Au-delà des questions pratiques habituelles sur les équipementiers télécoms à choisir ou les modalités de déploiement efficace à adopter, se posent d’autres questions liées, elles, au business model et surtout, aux applications pratiques et à la valeur de cette mise à niveau technologiques. Et sur ce sujet, comme pour tout sujet naissant, chacun y va de sa propre hypothèse, pariant sur un avenir doré, dopé par de nouveaux usages tels que la smart city ou le véhicule autonome.

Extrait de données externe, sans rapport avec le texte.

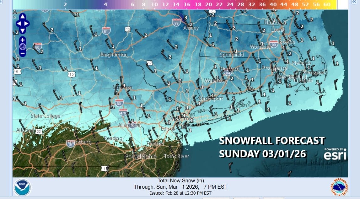 Winds will turn northwest and north tonight as a cold front passes. Clouds will increase some and most lows by morning will be in the upper 20s and lower 30s. A wave develops on that front and passes by to the south putting us into an area of snow Sunday morning into early afternoon. It is a fast moving ripple on the front and it will not produce much. Depending on temperatures it could be a coating to at most an inch in some places…and other places especially south of New York City where it could be a mix of rain and snow.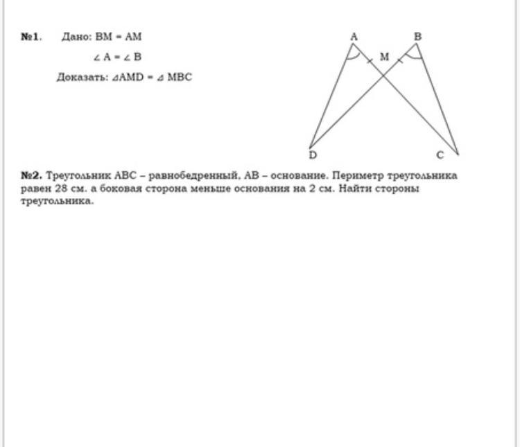 1:(объясню кратко) кут AMD и кут BMC – вертикальные,а значит что кут AMD=BMC. Тогда треугольник DAM=CBM–за двумя сторонами и кутом между ними.

Mais, si les opportunités à venir sont probablement multiples, elles ne donnent pas aujourd’hui une visibilité claire sur les dates de mises à disposition des réseaux en France, ceux-ci comptent actuellement plus de 15.000 sites radio 4G et vont devoir être doublés dans le cadre de la densification imposée par le déploiement de la 5G, un véritable challenge technique et économique pour les opérateurs.

Décryptage.

 

La 5G, c’est quoi ?

Dans les allées du Mobile World Congress de Barcelone, on ne parle plus que de cela, mais soyons pragmatiques : la 5G, c’est tout d’abord une évolution technologique portée par les constructeurs, dont le business model impose la mise en place régulière de nouveaux équipements pour garantir des revenus et une forme de récurrence à long terme – en témoignent les premières discussions autour de la 6G (!), qui ont déjà été lancées début 2018.

La 5G promet une augmentation significative de la bande passante disponible entre un terminal mobile et un réseau de contenus hébergés dans des Datacenters Cloud : en effet, grâce à la 5G, les débits passeront de 20 Mbps pointe à 100 Mbps garantis, avec la promesse d’atteindre un maximum de 1 Gbps (Gigabit/seconde), soit des capacités de transferts de données en nette hausse en rapport à la 4G et ce, dès l’horizon 2022.

De nouvelles fréquences du spectre hertzien deviennent désormais exploitables, car la technologie utilise les transferts multi-bandes parallélisés. On ajoutera aux traditionnels LTE 800 (B20), 1800(B3), 2600(B7) les longueurs d’ondes à 700 Mhz et 3,5 Ghz qui élargissent la couverture et le transfert de données. Les fréquences basses (<1 Ghz) permettent une meilleure pénétration au cœur des bâtiments et garantissent des portées plus importantes pour couvrir le territoire plus efficacement à moindres frais (idéal pour les opérateurs alternatifs).

 

 Quelles applications pour quelle évolution de la 5G ?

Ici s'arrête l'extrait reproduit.